Can you imagine having that with medical professionals, that you send it
around and you start getting this feedback?

What are the themes that I saw? Like Harry, I couldn’t see how to fit
it all together and move forward? I am struck by there is a lot of investment
and demonstration of quality measure effectiveness in changing what we want
changed.

I saw quality measure architecture and workflows. I liked seeing that. I
wanted to see here is the way it should be but I don’t know if we are
there yet or not. But I think that is what Harry wants to see is what should we
be working for. How did we make this happen? How do we aggregate quality
measures for effective change? Provider information for clinical decisions and
for patient choices.

Another theme. Is there a financial reward system that promotes/rewards,
quality improvement and coordination of care? I don’t know. Should we
focus on is the mean greater than the bar or should we focus on is the
distribution changing? The percentage of patients who are below the bar,
percentage of patients who are above the bar. Are we moving toward more and
more above the bar? The bar is wherever we set it.

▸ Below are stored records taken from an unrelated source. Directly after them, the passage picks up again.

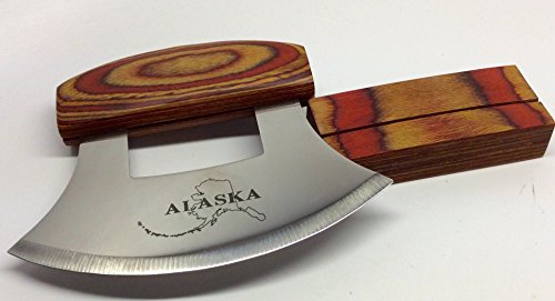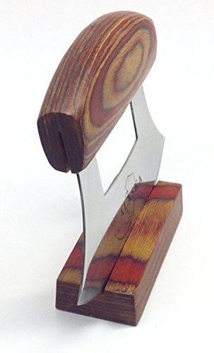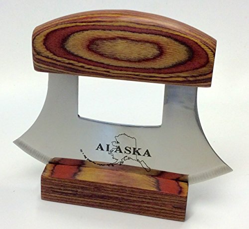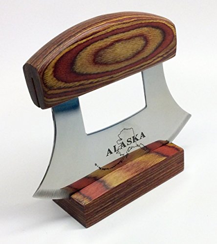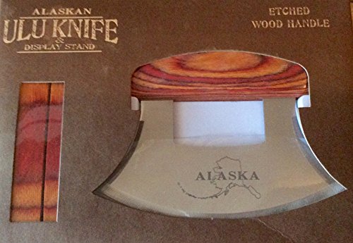 Alaska Ulu Knife Natural Exotic Wood Stand Etched Blade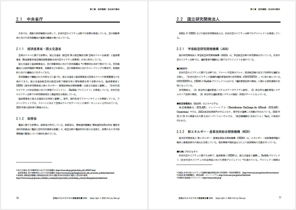 空飛ぶクルマの黎明期から産業育成やルール形成に関わってきた高橋伸太郎氏が代表を務めるポリシーデザインが執筆を行なっており、A4判168ページ。価格は「CD(PDF)版・電子版」が11万円、「CD(PDF)+冊子版」が12万1000円。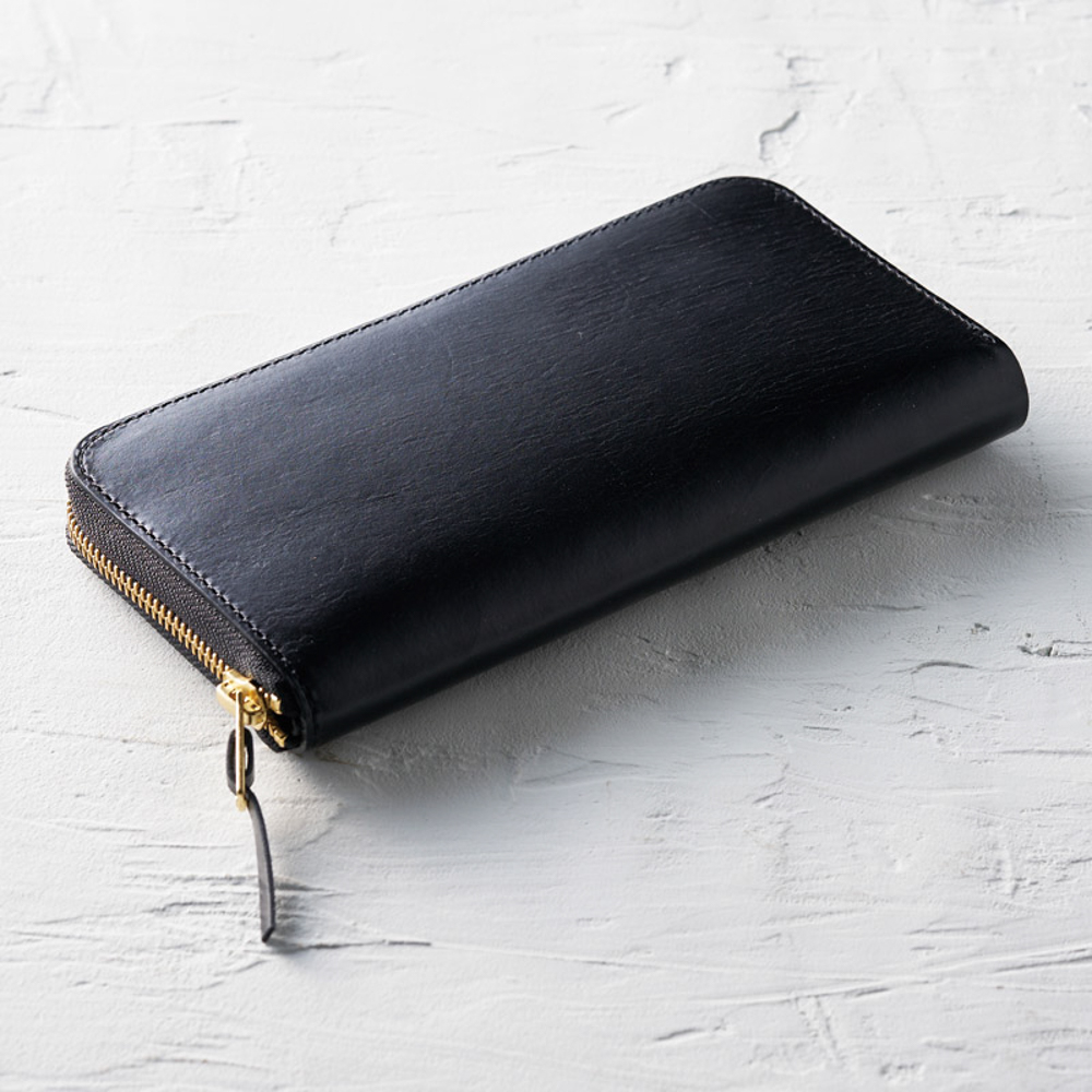手塗りオイルレザー ラウンド長財布(ブラック)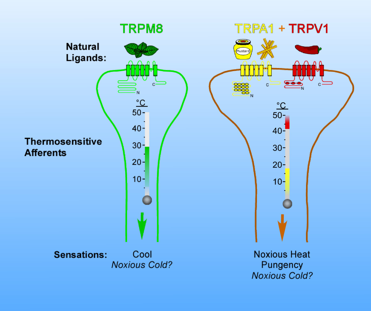 תעליות TRP-V1, TRP-M8 ו TRP-A1 כפי שהן מתוארות במאמר של David D McKemy מאוניברסיטת קליפורניה הדרומית (McKemy Molecular Pain 2005 1:16 doi:10.1186/1744-8069-1-16).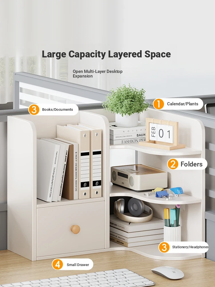 Corner Desktop Bookshelf - Multi-Tier Storage Organizer for Office Desk, Compact Bookcase for Students, Ideal Space-Saving Storage Solution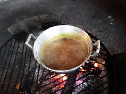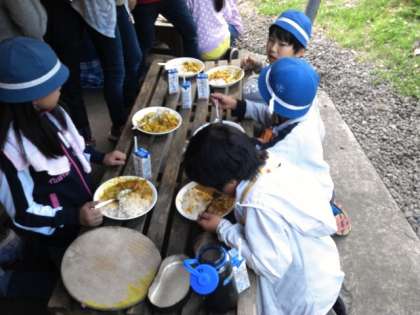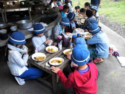 みんなで協力して作ったカレーライス。きっとおいしいでしょう。いただきます。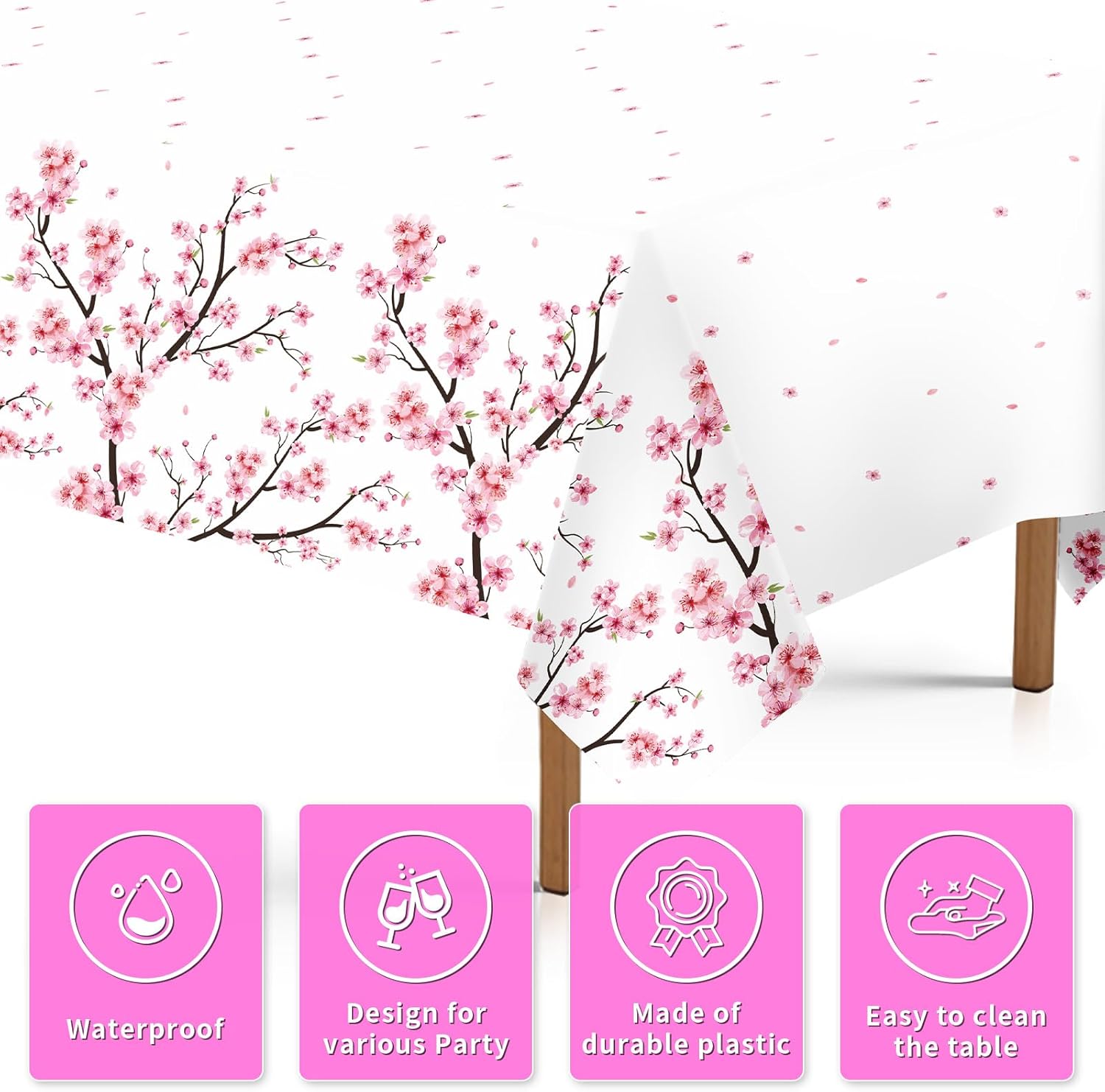 - Durable Material: All our japanese cherry tablecloths are made of thick, high-quality PE plastic material, good waterproof and oil resistance, which can block food debris, oil and water stains, thus protecting the table surface. The cherry plastic tablecloth is light weight, easy to carry and store. And the handprint patterns and colors are well-printed and do not fade, providing you with a fashion birthday party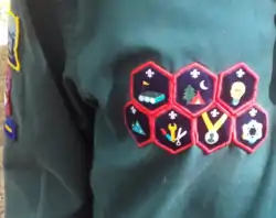 Continuing with tradition dating back to 1909 and in common with other sections in Scouting, Scouts earn badges that are sewn onto their uniform to recognise and represent achievements during their time in the troop.[7]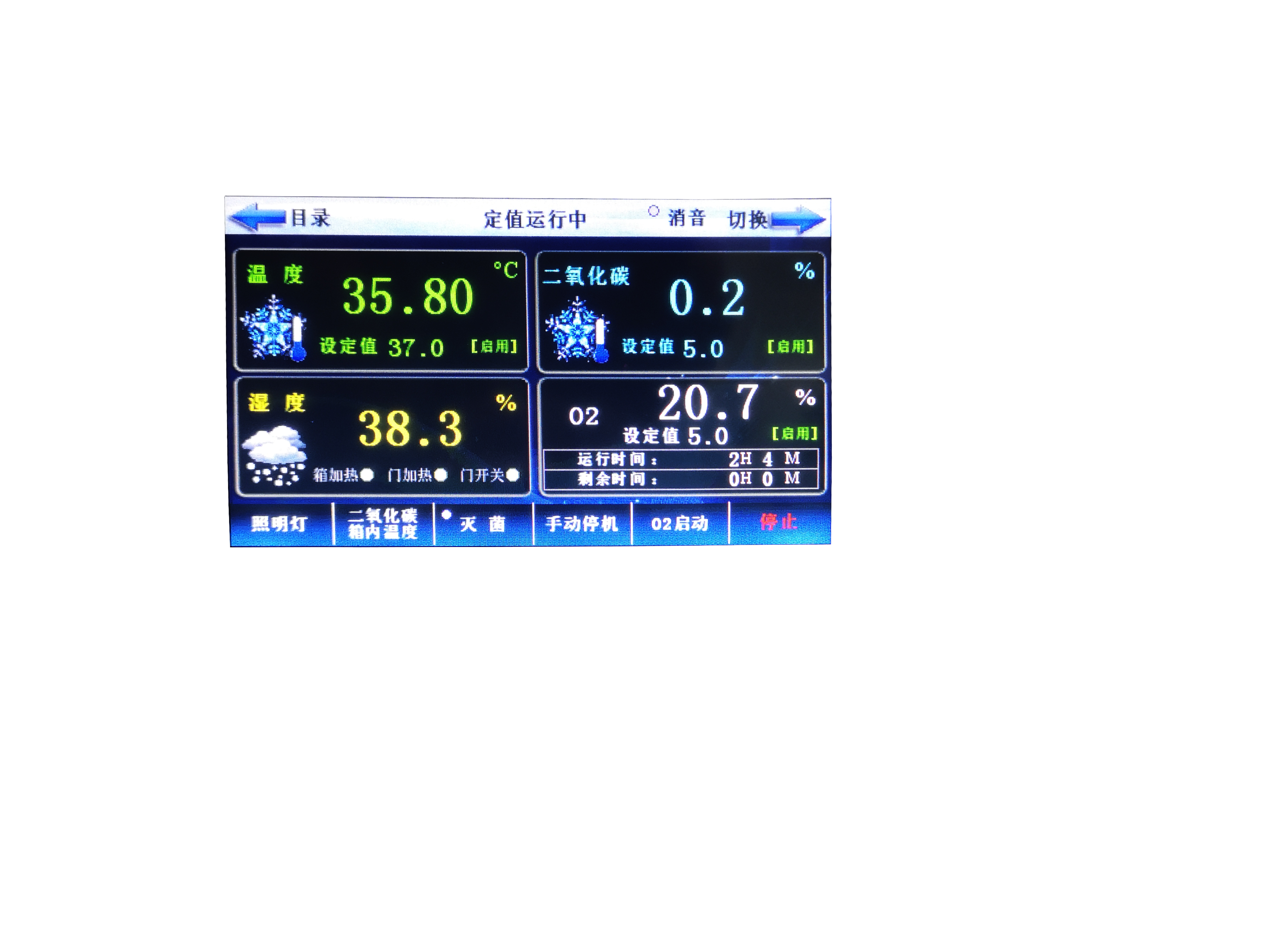 控制器 | 新一代大屏真彩色觸摸屏電腦控制器,溫度、O2濃度、CO2濃度、濕度同時(shí)顯示 |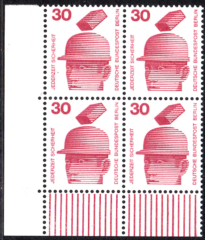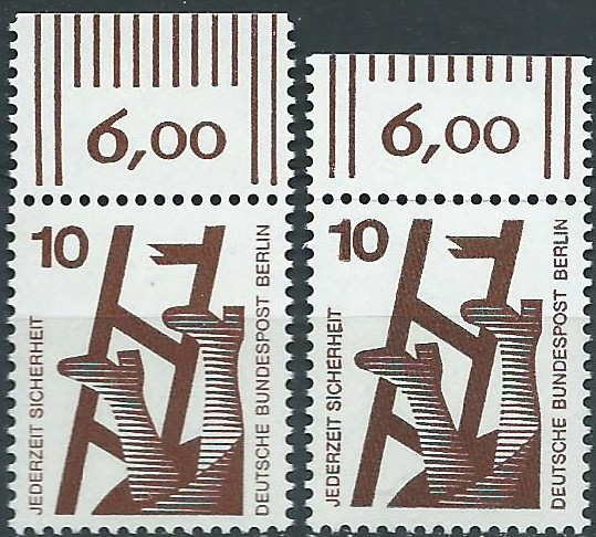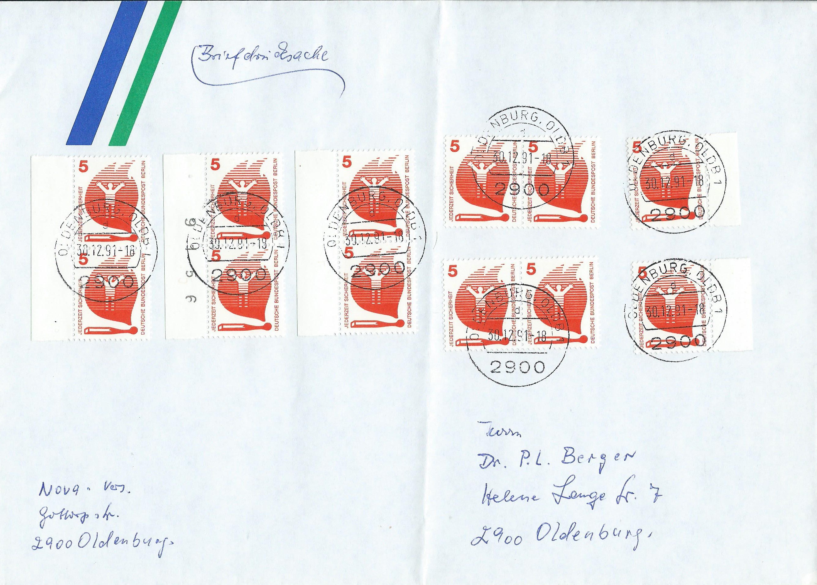 12 mal die Marke zu 5 Pf in verschiedenen Varianten auf einer Briefdrucksache. 3 mal senkrechtes Paar, wovon eines noch die Bogenzählnummer aufweist, 2 mal waagerechtes Paar und 2 Einzelmarken vom rechten Rand sehen wir hier. Gestempelt wurde der Beleg am 30.12.91 in Oldenburg in Oldenburg. (Das ist jetzt nicht doppelt gemoppelt mit dem Oldenburg, das heisst wirklich so! Es gibt noch ein weiteres Oldenburg in Holstein, daher die Unterscheidung.) Ich gehe mal davon aus, dass hier noch Restbestände der Marken verklebt wurden, da sie ja ab 1.1.92 nicht mehr frankaturgültig waren.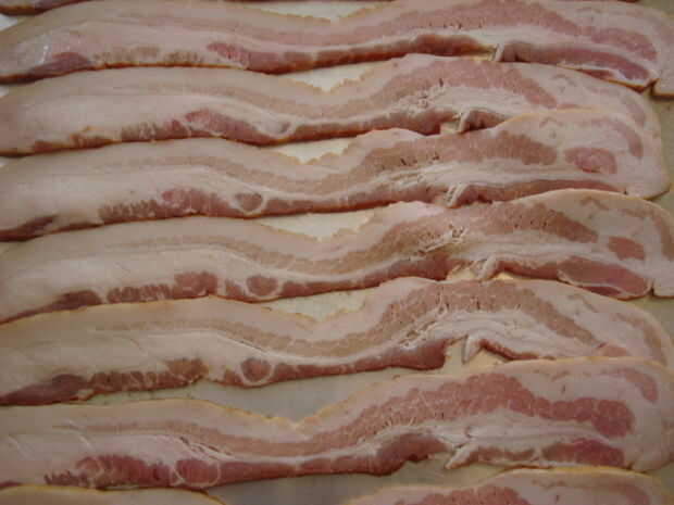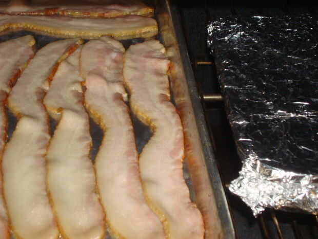 Coloque el ajo y el tocino en el horno a 325 - 350 grados F durante unos 30 minutos o hasta que se hace el tocino y el ajo es suave.
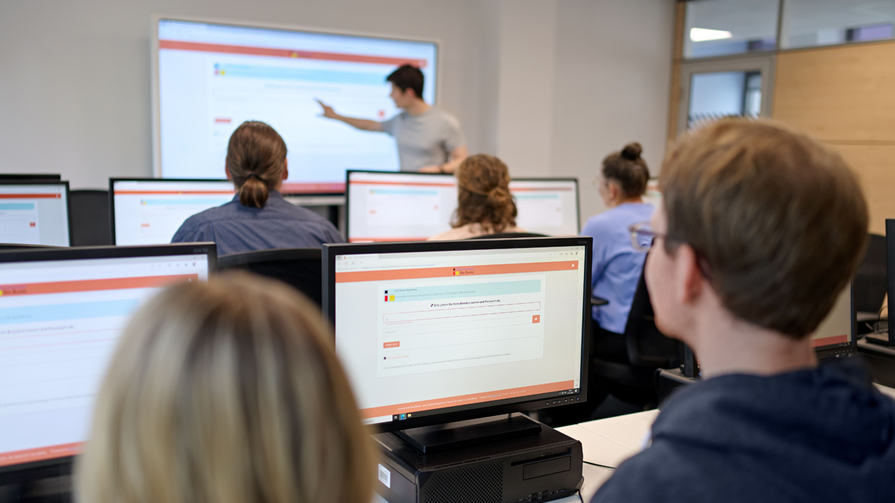 Im neuen Schulungszentrum in Halle (Saale) bieten die drei IT-Schulungsräume ausreichend Kapazität für zwölf Personen pro Schulungsraum.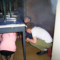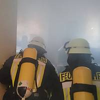 Schließlich wurde es ernst. Es brannte im Werkraum! Mit Hilfe einer Diskonebel-Maschine wurde ein Brand mit heftiger Rauchgasentwicklung simuliert. Die Kinder erfassten schnell, dass es am Boden immer noch am sichersten ist und gingen in die Hocke. In Form eines Trupps unter Atemschutz nahte die Rettung durch die Feuerwehr. Durch die Atemschutzmasken waren die Anweisungen der Feuerwehrfrau und des Feuerwehrmannes etwas gedämpft. Aber sie trugen eindeutig zur „Rettung“ bei. Und jetzt kam die eigentliche Herausforderung für die Kinder! Ganz schnell musste festgestellt werden, ob alle Kinder den Werkraum verlassen konnten. Denn jede Minute länger im Brandraum kann im Ernstfall zu erheblichen Verletzungen oder gar zum Tod eines Kindes führen! Daher war es wichtig, dass sich die Kinder unmittelbar in Zweierreihen aufstellten und die Lehrer ermitteln konnten, ob ein Kind fehlt. Und tatsächlich: Bei beiden Übungen mussten die Feuerwehrleute nochmal in den Brandraum, um auch das letzte Kind zu „retten“.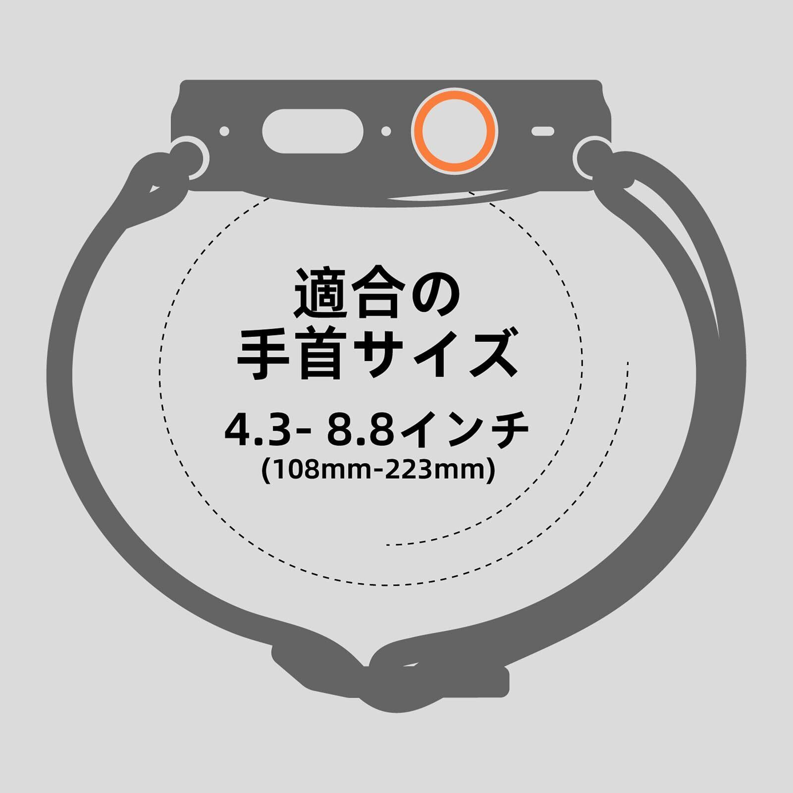 【対応機種・サイズ】このApple Watch スポーツバンドは Apple Watch Ultra2 /Ultra 49mm、Apple Watch Series SE 9 8 7 6 5 4 3の45/44/42mmに対応できます。 手首サイズは108-223mmの方に適します。長さも無段階で自由に調整可能で、どんな手首にフィットできます。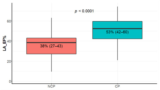 The differences in LAVmax, LAVI, and LAA between the NCP and CP patients were not statistically significant. In contrast, the LAEF difference was strikingly significant (Figure 7). The minimal volume (LAV min), area (LAA), and length (LAL) atrial parameters were also significantly different (Table 1).
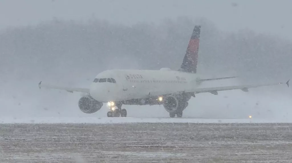 暴风雪在圣诞假期席卷美国东部。画面为达美航空班机26日在暴风雪中从大罗彻斯特国际机场起飞。(路透)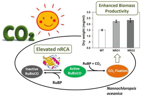 工业产油微藻能通过光合作用将二氧化碳与光能大规模地转化为油脂,因此作为一种清洁能源生产和二氧化碳高值化的潜在方案,在国内外受到了广泛关注。针对如何提升工业产油微藻的固碳能力这一关键问题,中国科学院青岛生物能源与过程研究所示范了一种通过调控RuBisCO(核酮糖-1,5-二磷酸羧化酶/加氧酶)的激活酶来增强细胞固碳活性,从而大幅度提高微藻生物质与油脂产率的策略。该工作在线发表在Algal Research上。

We have a transition coming up, a transition from quality measures to other
quality measures to performance measures. We need to keep track of the data
elements and their attributes. We need to get into different versions of code
sets and this is over time. This is not just in the next three or four years.
We are having changes in coding systems. How do we handle that and does that
impact – do our measures mean the same thing? Do we have the same validity
as we carry across these changes?

I have already covered the social networking. Maybe a social network is I am
a patient and instead of giving me a disc, can you email this to this Google
group? Can you email it to my primary care physician so that he can get on the
ball and find the best specialist and get me some answers very quickly? It
starts to pull everybody together as a team and with some accurate information
and then maybe physicians come back and say, you know I really need this
additional information. And the tingling at the end of the fingers, is it
grossly swollen? That is what the military doctor said. I need to know that
before I can do anything.

DR. CARR: Well, thank you everyone. Thank you for calling the question here
because I think it really helps us to focus on the job that we set out to do.
With that I think we will call it a day and we resume tomorrow morning at nine.